Au cours de l’année scolaire 2021-2022, par exemple, 63 districts scolaires de l’État ont utilisé de telles sanctions pour les élèves handicapés, soit un total de 455 cas, selon les recherches de Talley.
Les châtiments corporels infligés aux enfants sont considérés par la plupart des organisations de santé mentale et psychologique comme préjudiciables à leur développement et inefficaces pour corriger les comportements indésirables. Bien qu’autorisée dans certaines régions des États-Unis, une cinquantaine de pays à travers le monde interdisent cette pratique, les Nations Unies la considérant comme une violation des droits de l’homme.
Selon un rapport de 2016 analysant plus de 250 étudiants différents sur les châtiments corporels, cette pratique entraîne davantage d’effets négatifs et peu, voire aucun, positifs. Selon cette analyse, frapper les enfants pour qu’ils corrigent leurs comportements entraîne une augmentation de l’agressivité chez ces enfants, ainsi qu’un déclin de la santé mentale de ceux qui sont maltraités et une réduction des capacités cognitives.
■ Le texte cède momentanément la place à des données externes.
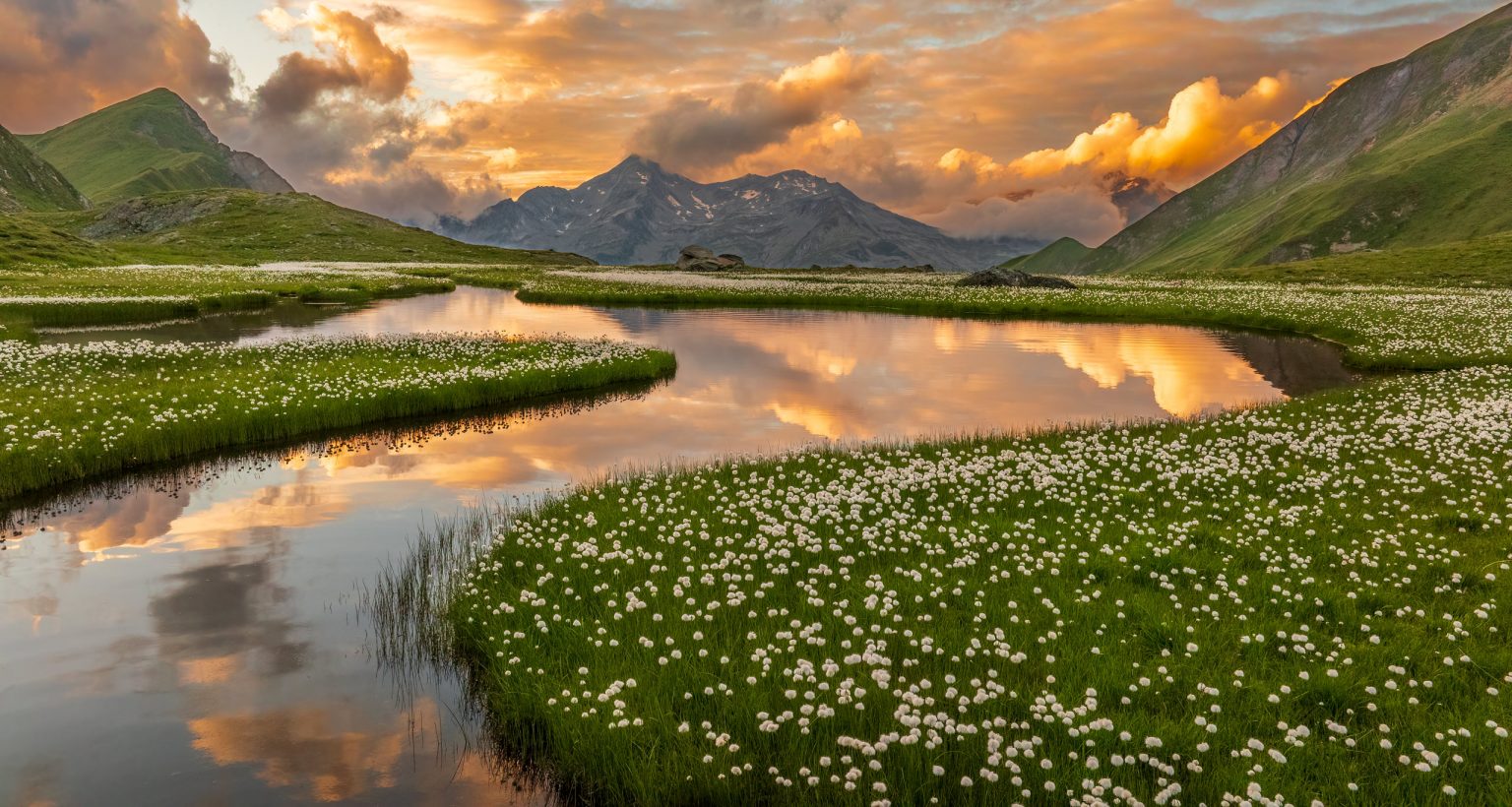 The cotton grass unfolds its delicate splendor, a fleeting bloom that fades as swiftly as it began. In a hidden wetland, high above 2000 meters, where glacier water silently winds its way, a world of its own awakens.
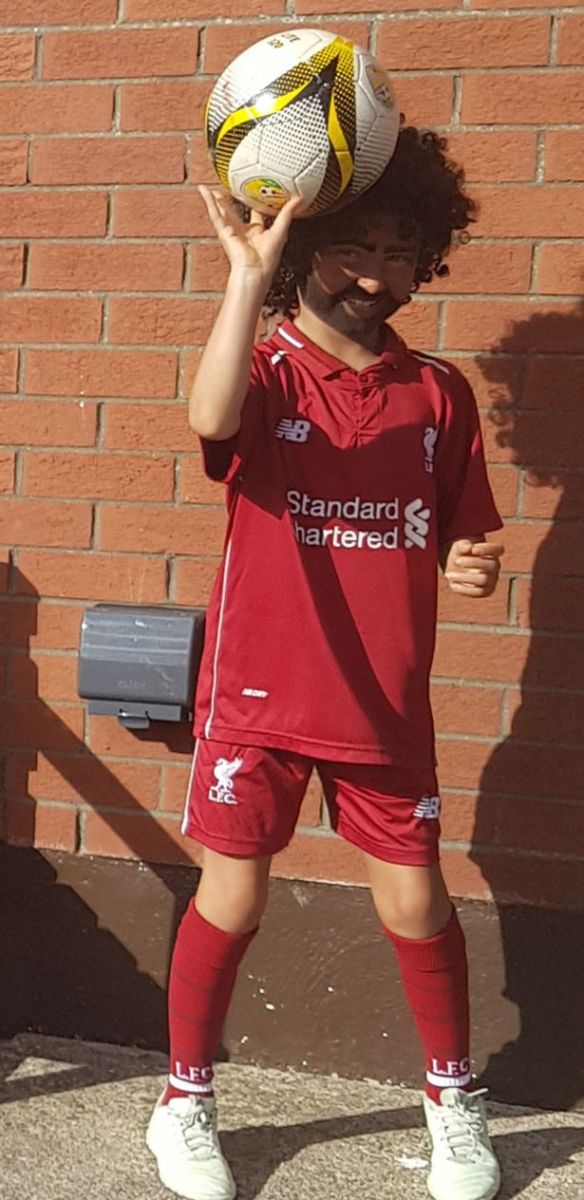 大赢家10月30日讯 来自爱尔兰的9岁小球迷Madison McGuane在这个万圣节有着一套全新的造型,她将自己的身体涂黑,戴上假发套画上胡须,再穿上全套利物浦装备变身“迷你萨拉赫”。

« Les châtiments corporels sont abusifs, inefficaces et violent le droit international des droits de l’homme », déclare un rapport de l’Union américaine des libertés civiles (ACLU), soulignant que leur utilisation sur des enfants handicapés est particulièrement odieuse :
Les châtiments corporels sont abusifs envers tous les enfants, mais ils ont des effets particulièrement graves sur les étudiants handicapés. Non seulement cela est inefficace pour leur enseigner les comportements appropriés, mais cela peut causer des blessures mentales et physiques durables et rendre les élèves agressifs et incapables d’apprendre. Pour les étudiants handicapés, les châtiments corporels peuvent être suivis directement par une détérioration de leur état de santé.